Planned surgery was not received by 26 (0.6%) of 4,521 patients in regions with light restrictions, 201 (5.5%) of 3,646 patients in regions with moderate lockdowns, and 1,775 (15.0%) of 11,827 patients in regions with full lockdowns. On multivariate analysis, moderate lockdowns (hazard ratio [HR] = 0.81, 95% confidence interval [CI] = 0.77–0.84, P < .0001) and full lockdowns (HR = 0.51, 95% CI = 0.50–0.53, P < .0001) were independently associated with nonoperation.

Increasing SARS–CoV-2 case notification rates were associated with increasing nonoperation rates. In a sensitivity analysis that included adjustment for SARS–CoV-2 case notification rates, moderate lockdowns (HR = 0.84, 95% CI = 0.80–0.88, P < .001), and full lockdowns (HR = 0.57, 95% CI = 0.54–0.60, P < .001) remained independently associated with nonoperation.

Among patients not receiving neoadjuvant therapy (n = 16,975, 84.8% of cohort), surgery was performed at > 12 weeks from diagnosis in 374 (9.1%) of 4,521 patients in regions with light restrictions, 317 (10.4%) of 3,646 in regions with moderate lockdowns, and 2,001 (23.8%) of 11,827 in regions with full lockdowns. Longer delays were not associated with differences in resectability rates. No differences in resectability rates were observed according to light restrictions, moderate lockdowns, or full lockdowns among patients with no delay to surgery.

The investigators concluded, “Cancer surgery systems worldwide were fragile to lockdowns, with one in seven patients who were in regions with full lockdowns not undergoing planned surgery and experiencing longer preoperative delays. Although short-term oncological outcomes were not compromised in those selected for surgery, delays and non-operations might lead to long-term reductions in survival. During current and future periods of societal restriction, the resilience of elective surgery systems requires strengthening, which might include protected elective surgical pathways and long-term investment in surge capacity for acute care during public health emergencies to protect elective staff and services.”

Aneel Bhangu, MBChB, PhD, FRCS, and James Glasbey, MBChB, BSc MRCS, of the NIHR Global Health Research Unit on Global Surgery, Institute of Translational Medicine, University of Birmingham, UK, are the corresponding authors for The Lancet Oncology article.

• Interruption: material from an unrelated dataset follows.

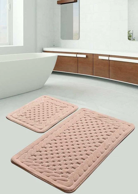Комплект килимків для ванної кімнати та туалету 60х100 см 100 бавовна пудрові
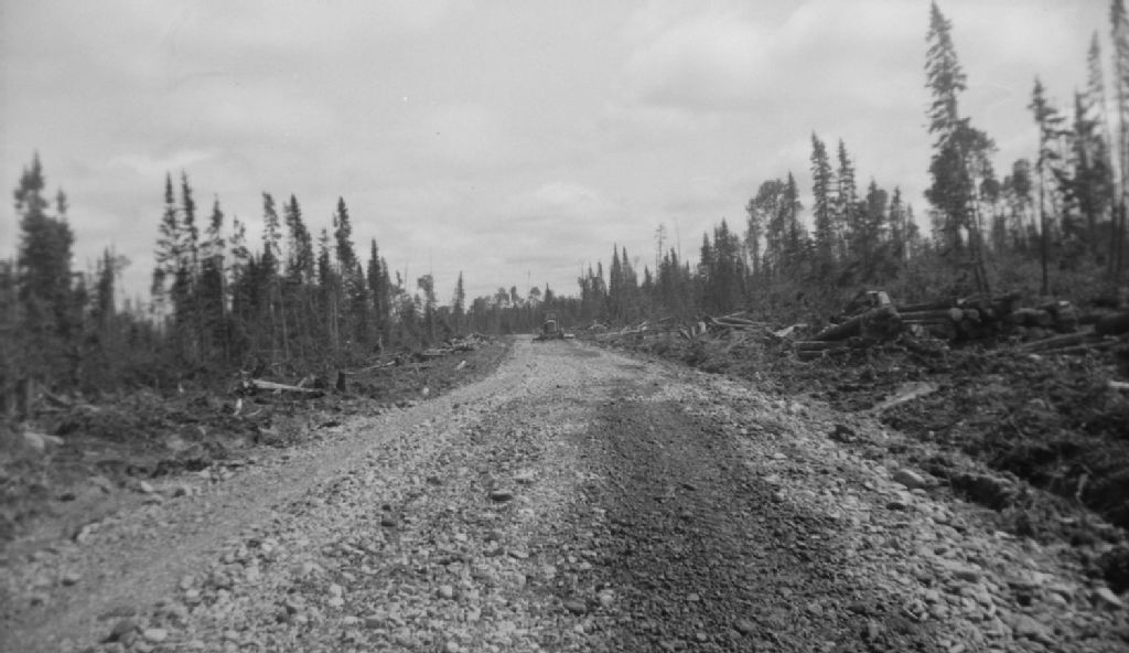 Vue du chemin en réparation. Chemin Senneterre. Lac Madeleine.

Disclosure: The study was funded by National Institute for Health Research Global Health Research Unit, Association of Upper Gastrointestinal Surgeons, British Association of Surgical Oncology, British Gynaecological Cancer Society, Bowel Disease Research Foundation, European Society of Coloproctology, Medtronic, Sarcoma UK, The Urology Foundation, Vascular Society for Great Britain and Ireland, and others. For full disclosures of the study authors, visit thelancet.com.

The content in this post has not been reviewed by the American Society of Clinical Oncology, Inc. (ASCO®) and does not necessarily reflect the ideas and opinions of ASCO®.